--- INFORMATION PROVIDED ---

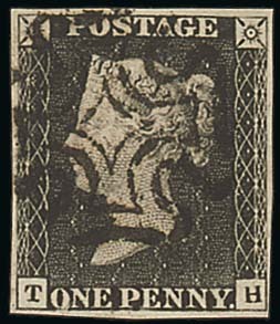 TH greyish-black shade, close to large margins all round, crisp and upright black Maltese Cross cancellation; fine and attractive. Photo
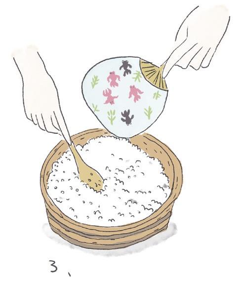 3 Tout en mélangeant, faites refroidir le riz avec un éventail : il aura ainsi obtenu un bel aspect brillant.
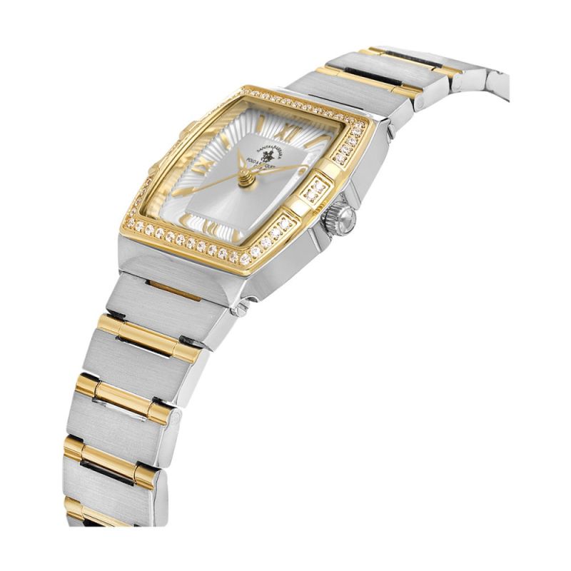 Дамски часовник Santa Barbara Polo & Racquet Club със стилен дизайн от колекцията Luxury. Моделът е със сребрсит аналогов дисплей и декорация от нежни кристали по безела. Корпус и верижка изработени от неръждаема стомана. Стъкло минерал-кристал. Задвижва се от кварцов механизъм с калибър VJ21C1. Водоустойчивост 5 ATM - допускат се леки пръски и взимане на душ, не се препоръчва обилно мокрене.
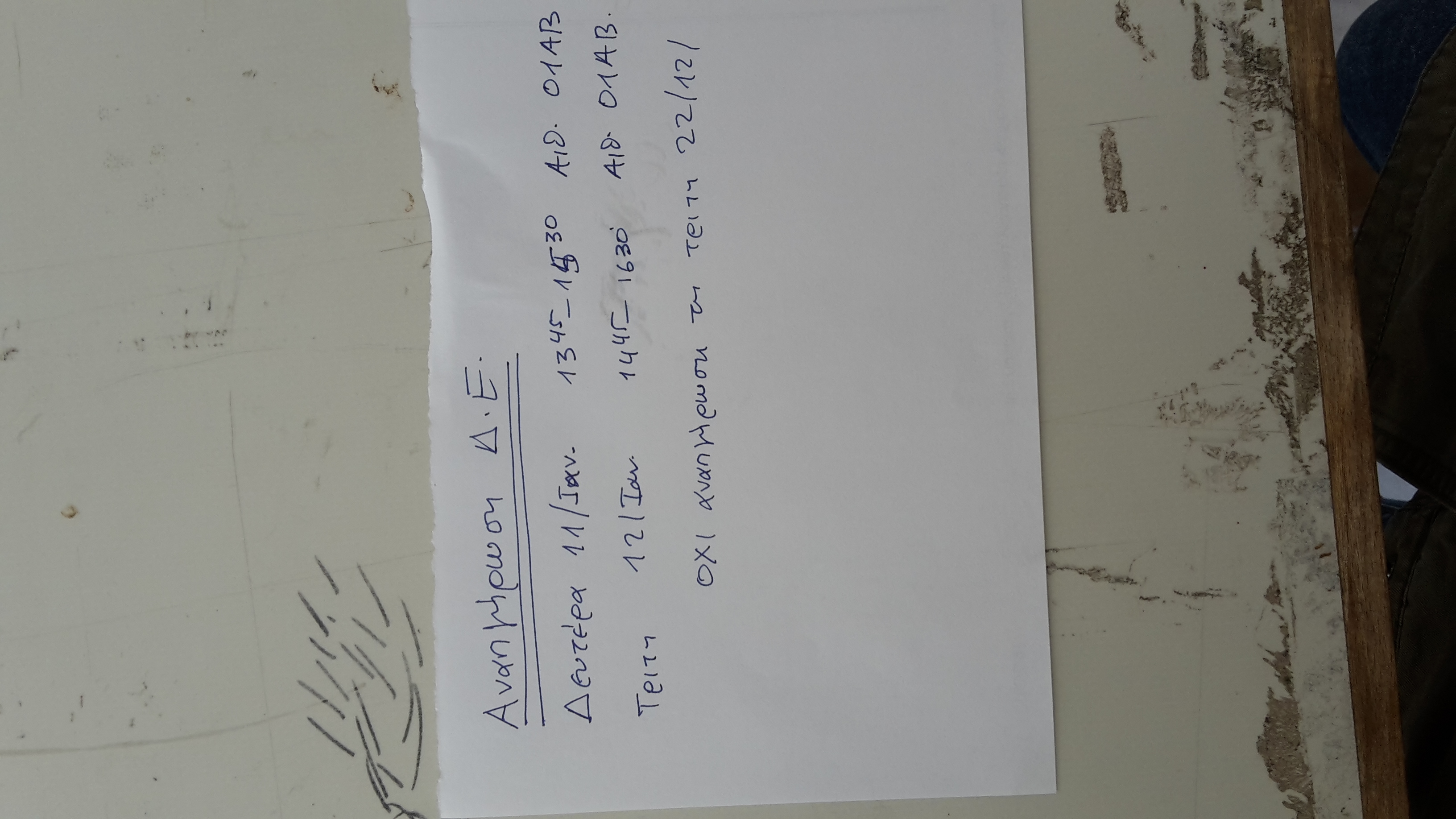 Η αναπληρωση τελικά θα γίνει την Τρίτη 22/12 στην αίθουσα 01ΑΒ μεταξύ 15.00- 17.00

---

Drop the pictures; repeat the listing above exactly.

 TH greyish-black shade, close to large margins all round, crisp and upright black Maltese Cross cancellation; fine and attractive. Photo
 3 Tout en mélangeant, faites refroidir le riz avec un éventail : il aura ainsi obtenu un bel aspect brillant.
 Дамски часовник Santa Barbara Polo & Racquet Club със стилен дизайн от колекцията Luxury. Моделът е със сребрсит аналогов дисплей и декорация от нежни кристали по безела. Корпус и верижка изработени от неръждаема стомана. Стъкло минерал-кристал. Задвижва се от кварцов механизъм с калибър VJ21C1. Водоустойчивост 5 ATM - допускат се леки пръски и взимане на душ, не се препоръчва обилно мокрене.
 Η αναπληρωση τελικά θα γίνει την Τρίτη 22/12 στην αίθουσα 01ΑΒ μεταξύ 15.00- 17.00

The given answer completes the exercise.